Pflege bei Adipositas

Definition
  • Adipositas, also ein krankhaftes Übergewicht, ist in der westlichen Welt die häufigste Form der Fehlernährung. Mehr als ein Viertel aller Deutschen sind adipös.
  • Zur Adipositas kommt es, wenn dauerhaft mehr Kalorien aufgenommen als verbraucht werden, also eine positive Energiebilanz vorliegt.
  • In der Mehrzahl der Fälle handelt es sich um eine sog. „primäre Adipositas“. Das Übergewicht wird durch die Kombination mehrerer Faktoren ausgelöst, also etwa durch genetische Faktoren, durch Überernährung und durch Bewegungsmangel. Deutlich seltener tritt eine sog. „sekundäre Adipositas“ auf. Diese wird von einer bestimmten Grunderkrankung verursacht, wie etwa durch Hypothyreose, durch Morbus Cushing oder durch einen Gehirntumor.
  • Adipositas liegt vor, wenn ein BMI von mindestens 30 erreicht wird.
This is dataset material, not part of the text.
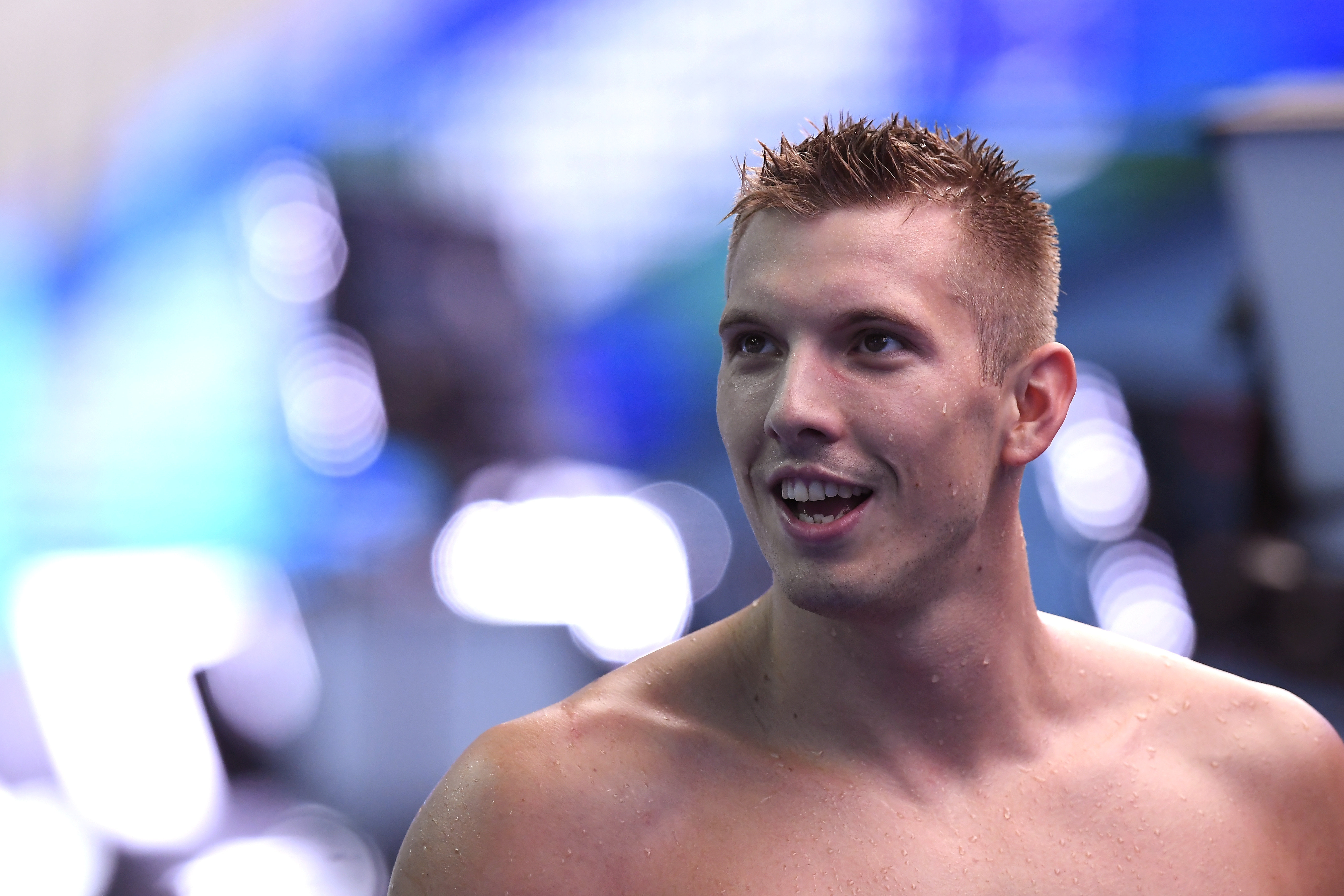 Kozma Dominik a férfi 200 méteres gyorsúszás előfutama után a 18. vizes világbajnokságon Kvangdzsuban (MTI/Kovács Tamás)

Abhängig vom BMI wird der Ernährungszustand in unterschiedliche Stufen unterteilt:
    • Starkes Untergewicht < 16
    • Mäßiges Untergewicht 16 bis 17
    • Leichtes Untergewicht 17 bis 18,5
    • Normalgewicht 18,5 bis 25
    • Präadipositas 25 bis 30
    • Adipositas Grad I 30 bis 35
    • Adipositas Grad II 35 bis 40
    • Adipositas Grad III > 40
  • Falls Adipositas, Hypertonie, Fettstoffwechselstörungen und Diabetes gemeinsam auftreten, handelt es sich um ein metabolisches Syndrom oder auch „tödliches Quartett“. Da sich diese Faktoren gegenseitig verstärken, erhöht sich das Risiko für einen Herzinfarkt um das Vierfache.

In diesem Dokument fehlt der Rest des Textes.